En 2015, TPG a aussi créé une autre société en commandite aux îles Caïmans : TPG VII CDS Co-Invest Ltd. Le Cirque du Soleil et TPG n’ont pas voulu indiquer à quoi servait cette entreprise ni donner de détails sur cette entreprise. Le registre des entreprises des îles Caïmans ne révèle pas l’identité des actionnaires des sociétés enregistrées dans ce paradis fiscal.

TPG, qui détient 55 % du Cirque du Soleil, n’est pas le seul actionnaire à avoir utilisé les îles Caïmans pour en être actionnaire. Le deuxième actionnaire en importance, la firme d’investissement chinoise Fosun, a aussi utilisé une société en commandite aux îles Caïmans pour sa participation de 25 % du Cirque : CMF Circus LP. Fosun n’a pas répondu à nos questions. Le Cirque du Soleil n’a pas voulu commenter la structure corporative et fiscale de ses actionnaires.

TPG et Fosun se sont toutefois faits discrets sur l’utilisation des îles Caïmans pour acheter le Cirque du Soleil. C’est le nom de leurs sociétés en commandite aux îles Caïmans qui sont inscrites au registre des entreprises du Québec, mais avec une adresse en Californie pour TPG et en Chine pour Fosun (alors que l’adresse officielle des sociétés en commandite est plutôt aux îles Caïmans). Le Cirque du Soleil a précisé avoir indiqué l’adresse postale de ses actionnaires au registre des entreprises du Québec, ce que leur permet de faire la loi québécoise.
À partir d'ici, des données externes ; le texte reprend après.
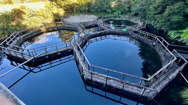 Our breakfast stop was at the South Westland Salmon Cafe, which is unusual in that it’s also a small salmon farm. This is the view from the cafe’s balcony. They serve their own salmon, so of course we had some with cream cheese on a bagel as part of our breakfast.
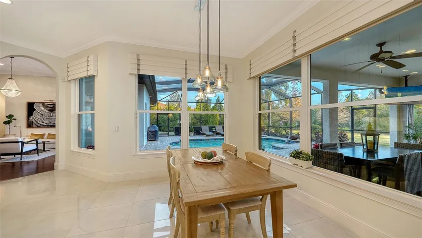 Rich wood and tile flooring, crown molding, and timeless architectural details create a warm, sophisticated atmosphere throughout. The formal living room flows seamlessly to the pool terrace, setting the stage for memorable gatherings. At the heart of the home, the gourmet kitchen impresses with quartz countertops, a statement center island, designer tile backsplash, and top-tier appliances—perfect for hosting everything from intimate dinners to festive celebrations.
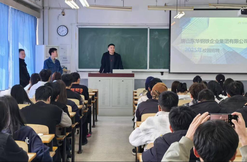 为深入贯彻国家促进高校毕业生高质量充分就业的政策方针,积极推动教育与产业的深度融合,2025年4月1日下午,vsport官方网站与唐山东华钢铁集团有限公司联合,在2304教室举办了招聘宣讲会。vsport官方网站就业指导办公室主任周静芳老师出席本次宣讲会。现场气氛热烈,吸引了2021级100余名员工前来参加,有10余名员工达成就业意向。
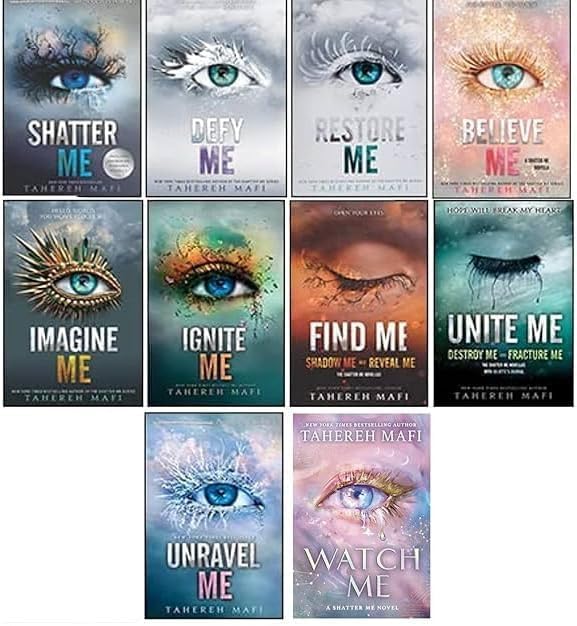 - أسماء الكتب: Shatter me وunravel Me REstore me وDefy me وfind Me وIgnite me وunite me وWatch me وimagine me وbelieve me.
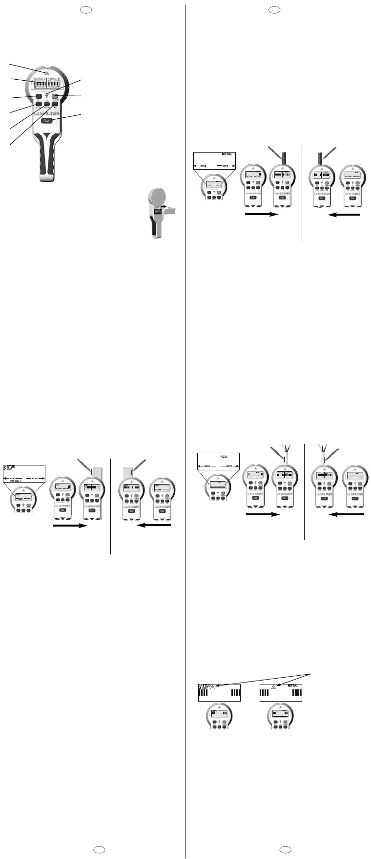 3. Select STUD-SCAN, METAL-SCAN or AC-SCAN (4,
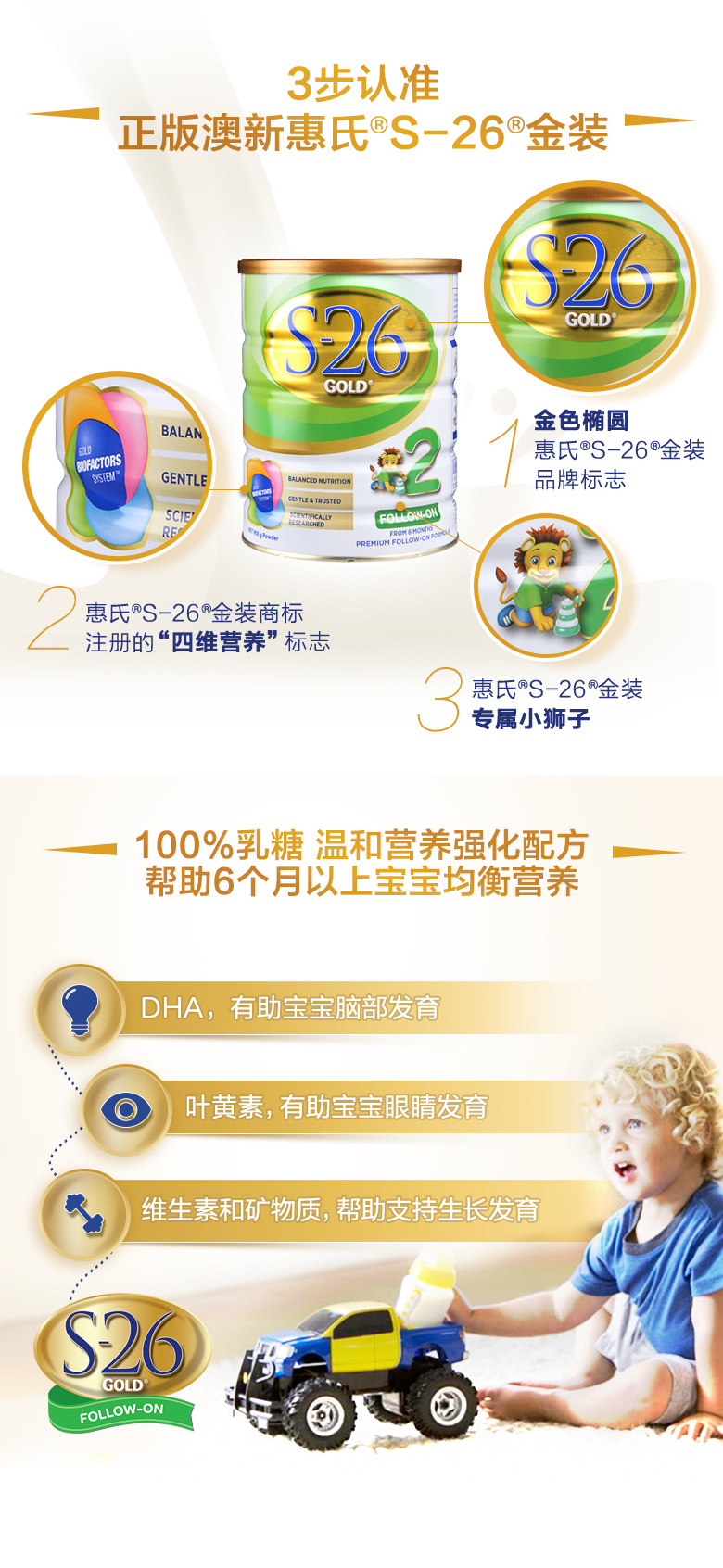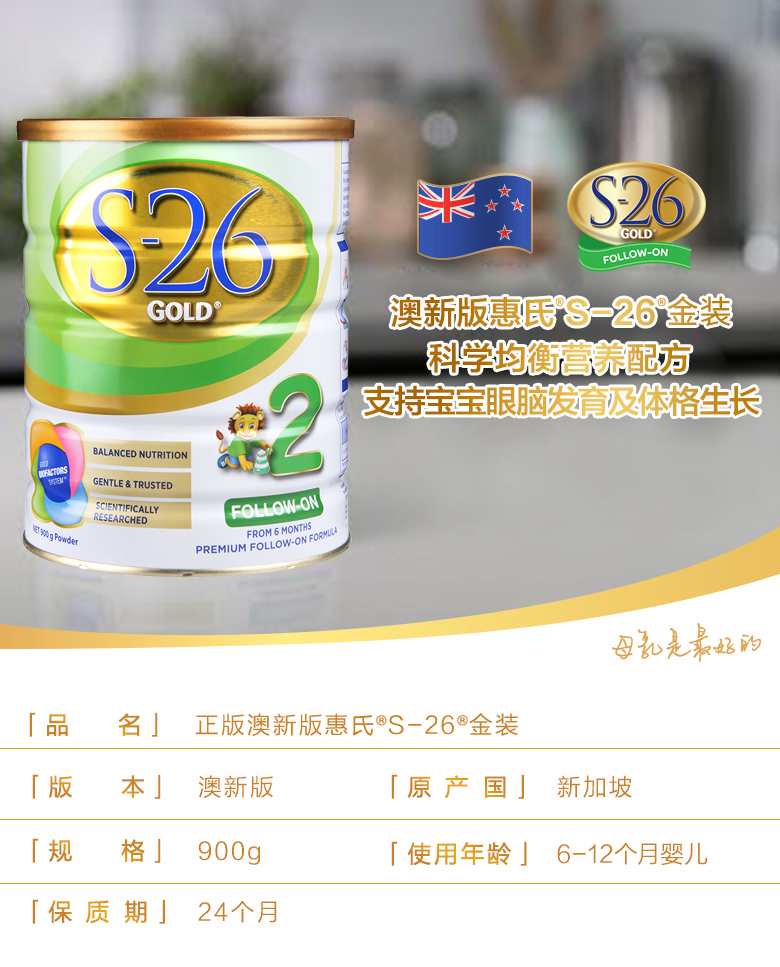 澳新版WYETH惠氏 S-26金装婴幼儿奶粉2段 900G/罐
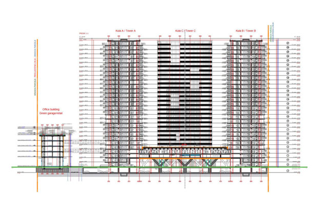 One će imati po 27 spratova, a predviđene su i dve šestospratne stambene lamele (D i E) i aneks između A i B kule u kom će se nalaziti SPA centar. U planu je i 5 prizemnih objekata sa ugostiteljskim sadržajima.
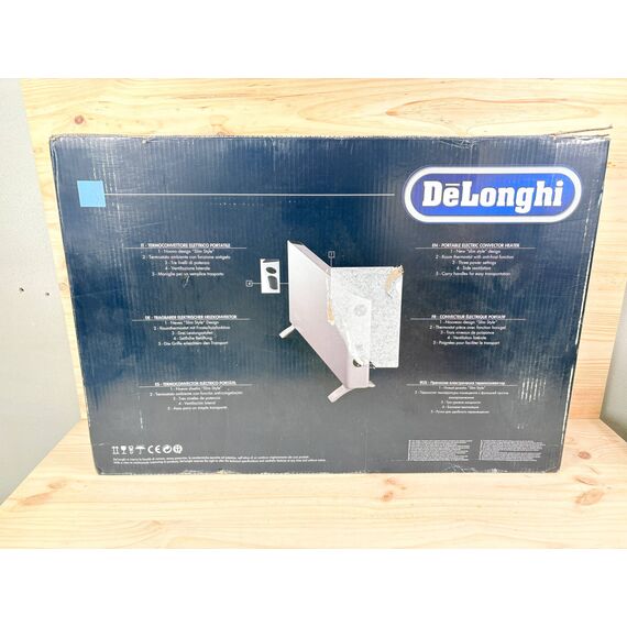 Calefactor eléctrico De'Longhi HSX2320F de 2000W (como nuevo, sin defectos). Diseño elegante en color blanco, cuenta con ajustes de termostato para un control preciso de la temperatura y una potencia de calefacción eficiente.
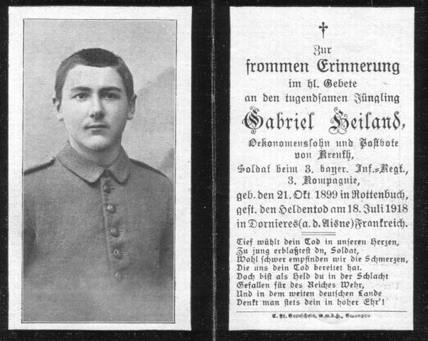 Gabriel Heiland - Kreuthbauer geb.: 21.10.1899, Rottenbuch gef.: 18.07.1918, Missy aux Bois (Frankreich) Grabstätte: Vauxbuin
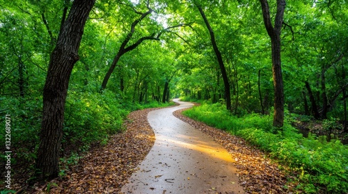 Fototapeta premium The image captures a winding path cutting through a dense forest of towering...
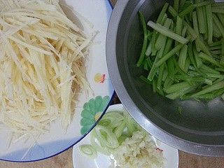切成丝的土豆、芹菜切成和土豆丝差不多长短的段、蒜用刀拍成碎,葱花切小块。
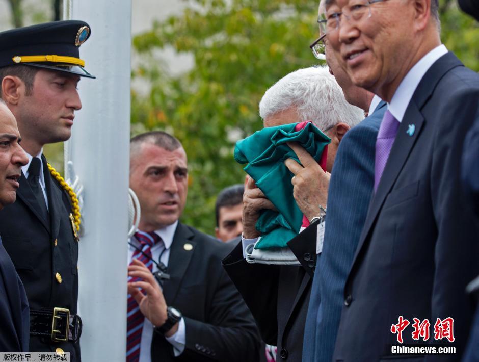 当地时间9月30日,巴勒斯坦国旗在位于美国纽约的联合国总部前徐徐升起。2012年11月29日,联大通过决议,决定在联合国给予巴勒斯坦观察员国地位;联大于本月10日以高票通过决议,允许联合国观察员国在联合国总部和各办事处升旗。
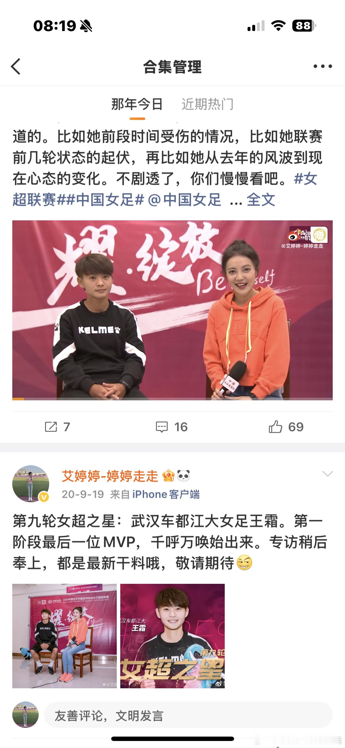 图1: 两年前的今天,我与王珊珊面对面,谈23年女足世界杯中国队无缘小组出线的困惑和老将的无奈;图2:五年前的今天,特殊时期赛会制的女超联赛第一阶段收官,我在海埂基地与那一轮的MVP王霜谈特殊时期的武汉女足和女超;图3:图3: 六年前的今天,出发去拍女超联赛收官,那一年的女超,江苏队提前两轮夺冠,大连队要与女甲打附加赛,一个时代的结束;图4:十年前的今天,清晨6点从渭南出发,转战郴州,中国女足的两场热身赛。前一天中国女足官宣了新任主教练法国人布鲁诺上任,我第一时间在渭南对他进行了专访。这些年的今天,我做了好多事啊[嘻嘻]艾婷婷婷婷走走[超话]中国女足足球

Le troisième actionnaire du Cirque du Soleil, la Caisse de dépôt et placement du Québec, a utilisé uniquement des sociétés au Québec. La Caisse n’a pas souhaité commenter la décision de TPG et de Fosun d’utiliser les paradis fiscaux pour investir dans le Cirque. La Caisse indique tenter de « faire évoluer les pratiques des entreprises et investisseurs [en matière de fiscalité internationale] chaque fois que cela est possible ».